In the year 1925, the WSA sponsored Helen Wainwright and Ederle for their first attempt for the difficult swim. Last minute though, Helen had to cancel due to an injury, and it was up to Ederle if she wanted to do it herself, or if she wanted to wait for her to get better. Of course, she decided she would do it alone, and got coaching from Jabez Wolffe, who attempted to swim the channel 22 times before. August 8th rolled around and she began her swim, but she was disqualified when Wolffe tried to get another swimmer to recover her from the water. Gertrude was bitterly against this decision, and later it was speculated that he didn’t want Ederle to succeed. She later returned to New York and continued to train, but this time it was with coach Bill Burgess, who swam the channel in 1911. She received a contract from the New York Daily News and Chicago Tribune that paid her expenses and gave her a decent salary. Approximately one year after her first attempt, she was successful in swimming across the channel. She started at Cap Gris-Nez in France at 7:08 am on August 6th, 1926, and reached shore at Kingsdown Kent. This was about 14 hours and 34 minutes later. Her record stayed for almost 50 years before someone broke her record in 1950 by 13 hours and 23 minutes. 

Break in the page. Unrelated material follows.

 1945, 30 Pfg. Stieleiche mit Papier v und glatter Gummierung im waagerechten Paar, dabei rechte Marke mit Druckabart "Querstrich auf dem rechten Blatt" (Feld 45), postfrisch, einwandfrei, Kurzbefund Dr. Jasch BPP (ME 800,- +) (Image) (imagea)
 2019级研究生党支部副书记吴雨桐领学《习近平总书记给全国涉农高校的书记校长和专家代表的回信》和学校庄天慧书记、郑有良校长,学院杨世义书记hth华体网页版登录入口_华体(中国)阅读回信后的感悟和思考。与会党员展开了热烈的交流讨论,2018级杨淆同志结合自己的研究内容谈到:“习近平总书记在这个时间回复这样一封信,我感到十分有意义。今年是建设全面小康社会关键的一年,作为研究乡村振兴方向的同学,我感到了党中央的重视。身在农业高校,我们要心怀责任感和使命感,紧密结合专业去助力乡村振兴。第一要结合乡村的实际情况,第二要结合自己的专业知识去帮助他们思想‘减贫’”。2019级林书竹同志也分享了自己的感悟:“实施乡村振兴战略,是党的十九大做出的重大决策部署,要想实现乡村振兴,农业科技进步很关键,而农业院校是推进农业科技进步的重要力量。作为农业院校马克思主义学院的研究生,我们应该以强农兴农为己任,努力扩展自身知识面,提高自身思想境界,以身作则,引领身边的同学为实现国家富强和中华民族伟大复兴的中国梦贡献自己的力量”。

Before Ederle had successfully crossed the English Channel, only 5 men had succeeded before her, best time being 16 hours and 33 minutes by Enrique Tirabocchi.

Later Life and Death

She had made an arrangement with Edward L. Hyman to appear in the Brooklyn Mark Strand Theatre, which paid her way more than any other performer. She played herself in a movie (Swim Girl). 

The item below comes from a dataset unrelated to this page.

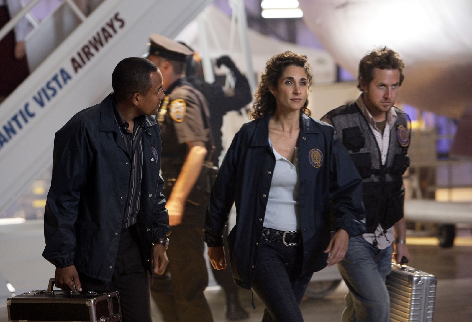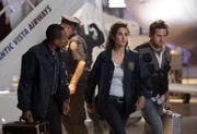 Über den WolkenEin Straftäter und ein Sky Marshal wurden mit derselben Waffe erschossen. Dr. Sheldon Hawkes (Hill Harper, l.), Detective Stella Bonasera (Melina Kanakaredes) und Adam Ross (A. J. Buckley) suchen fieberhaft den Täter.Bild: © VOX / CBS

Because she had measles as a child, Ederle had bad hearing the majority of her life. She had never married and by 2001, she was living in a nursing home. Gertrude Ederle sadly passed away on November 3rd, 2003 in Wyckoff, New Jersey at the age of 98. She was buried in the Woodlawn Cemetery in the Bronx, New York.

Gertrude Ederle was inducted into the International Swimming Hall of Fame as “Honor Swimmer” in 1965. She was inducted into the National Women’s Hall of Fame in 2003. Annual swim in New York (Battery Park to Sandy Hook) is named after her to honor her, and follows the course she swam

Gertrude Ederle is an amazing woman, and with her hard determination, and never giving up, she reached her goal. A biographical film was released in 2024, sharing her life.